Monday, June 26, 2000

Little earns big laughs

By Nicole Hamilton
The Cincinnati Enquirer

        Riverbend was comedy central at the Cincinnati Pops Orchestra concert Saturday night. The event featured the triangle as a solo instrument and an impression of Richard Nixon in braids like Willie Nelson's.

        It was hard to tell who was the featured comedian, Emmy Award-winning impressionist Rich Little or Pops conductor Erich Kunzel.

        Before Mr. Little took the stage, the Pops played a series of what Mr. Kunzel called “fun” pieces that included selections from Jacques Offenbach's ballet Gaite Parisienne, Hayden's Toy Symphony, and two excellent arrangements by Crafton Beck — Randy Newman's “The Time of Your Life” from A Bug's Life and “King Herod's Song” from Andrew Lloyd Webber's Jesus Christ Superstar.

        The first few measures of the orchestra's first selection, Franz von Suppe's Overture to The Light Calvary,featured a succinct and robust horn section. Unfortunately, this felt like a teaser, as the horn solos that followed sounded weak, partially a sound system issue, and partially because of poor dynamic balance between the brass section and the powerhouse strings. Offenbach's ballet, Gaite Parisienne,includes the “Can-Can,” and although no dancers appeared on stage, the orchestra's playful and enthusiastic interpretation was a crowd-pleaser all the same.

        Most concerts ride through some turbulence, and Saturday's was Hayden's Toy Symphony that featured a mini-orchestra of six local celebrities, led by associate conductor John Morris Russell.

        Hayden's composition was barely audible over the toys played by news anchors such Channel 9's Randy Little and Channel 12's John Lomax, among a few other media types, who didn't seem to mind making fools of themselves while Hayden rolled over in his grave. But redemption was close behind in Leroy Anderson's work The Typewriter, with Mr. Kunzel playing an old typewriter and interacting with the orchestra while unable to coordinate his part with that of the percussionist (staged, of course).

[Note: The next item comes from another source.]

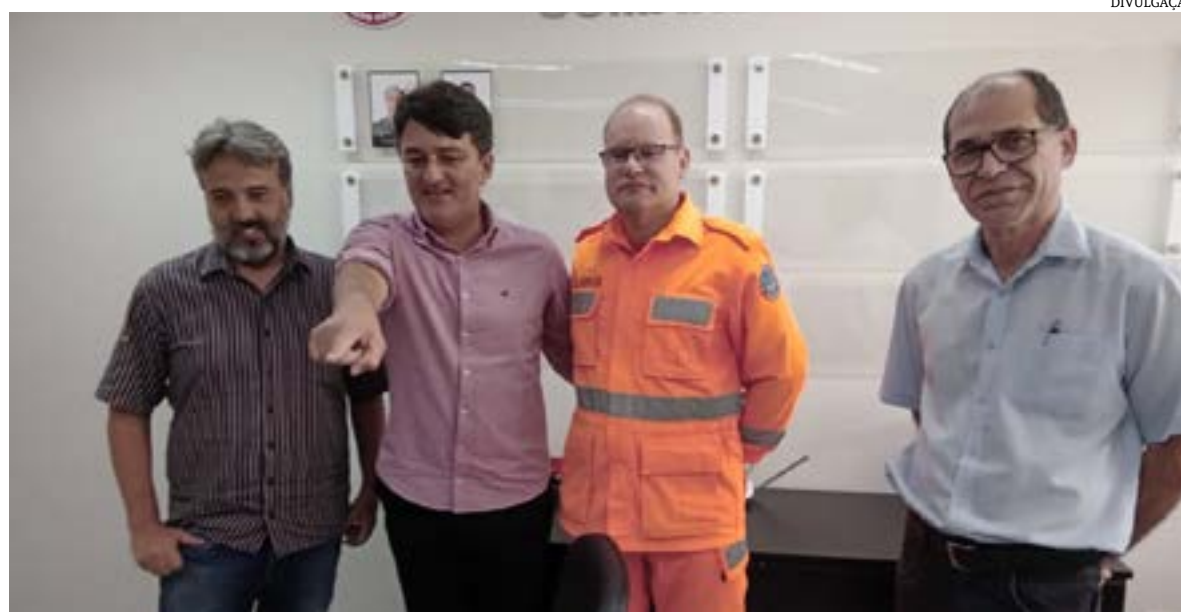
O 4º Comando Operacional dos Bombeiros Militares do Norte de Minas propôs a criação de brigadas da corporação nos municípios de São João da Ponte e São Romão, durante reunião realizada na manhã desta terça-feira, na Região Integrada de Segurança Pública, em Montes Claros, articulada pelo Conselho de Veneráveis do Norte de Minas a pedido das Lojas Maçônicas Vigilantes da Ponte e Aurora de São Romão.

This humor worked.

        According to Rich Little, who's writing a book tentatively titled People I've Known and Been, music is an essential part of a movie.

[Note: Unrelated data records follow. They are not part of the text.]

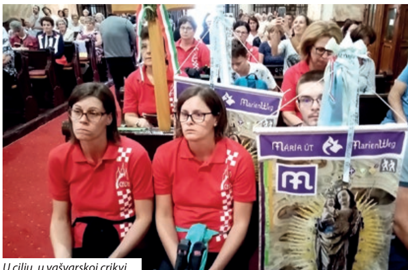
U cilju, u vašvarskoj crikvi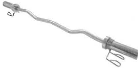
Zdjęcie przykładowe nr 4: Gryf olimpijski łamany z zaciskami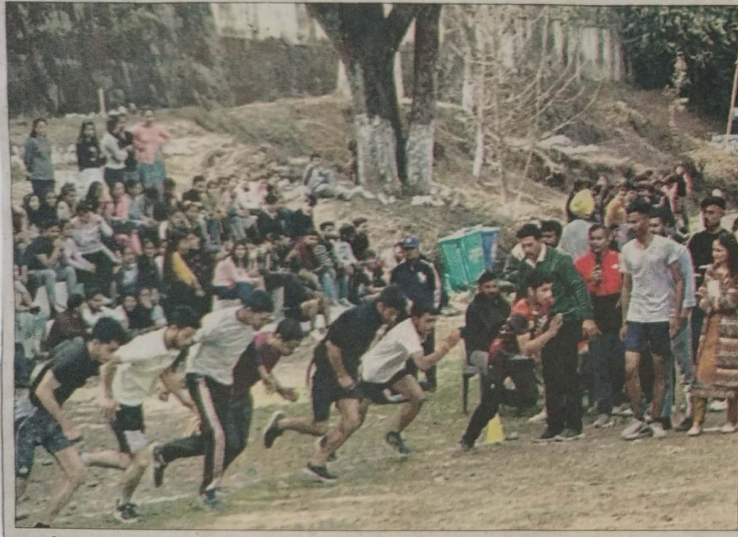
घुमारवीं। वार्षिक खेलकूद प्रतियोगिता के दौरान भाग लेते प्रतिभागी व अन्य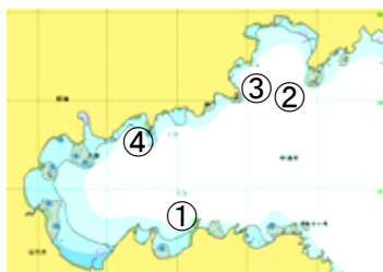
図 調査点(鮫ノ浦湾)

        A lover of classic films, Mr. Little's first impression was that of William Holden's character from the movie Love is a Many Splendid Thing.

        First doing the impression without music, and then with the assistance of the orchestra, Mr. Little's point was that music takes movies to a higher level. “Music can make a good movie a great movie,” he said.

        Mr. Little then launced into several more interpretations of stars from the silver screen, including Katherine Hepburn, Henry Fonda, Cary Grant and George C. Scott.

        Paying as much tribute to the score writers as to the famous actors, Mr. Little's homage was honest and elegant, void of any nightclub glitter.

        The subdued Mr. Little eventually gave way to the variety-act performer most people are more familiar with.

        Laughs came easy and quickly when Mr. Little effortlessly performed a medley of songs by such greats as Nat King Cole, Johnny Cash and Tom Jones.

        His tribute to Frank Sinatra, whom he opened for in the 1970s, included impersonations of Dean Martin, Tony Bennett and Sammy Davis Jr. singing “Chicago.”

        Although it wasn't really Sammy Davis Jr. singing, and the town happens to be Cincinnati not Chicago, the crowd's standing ovation was the real thing.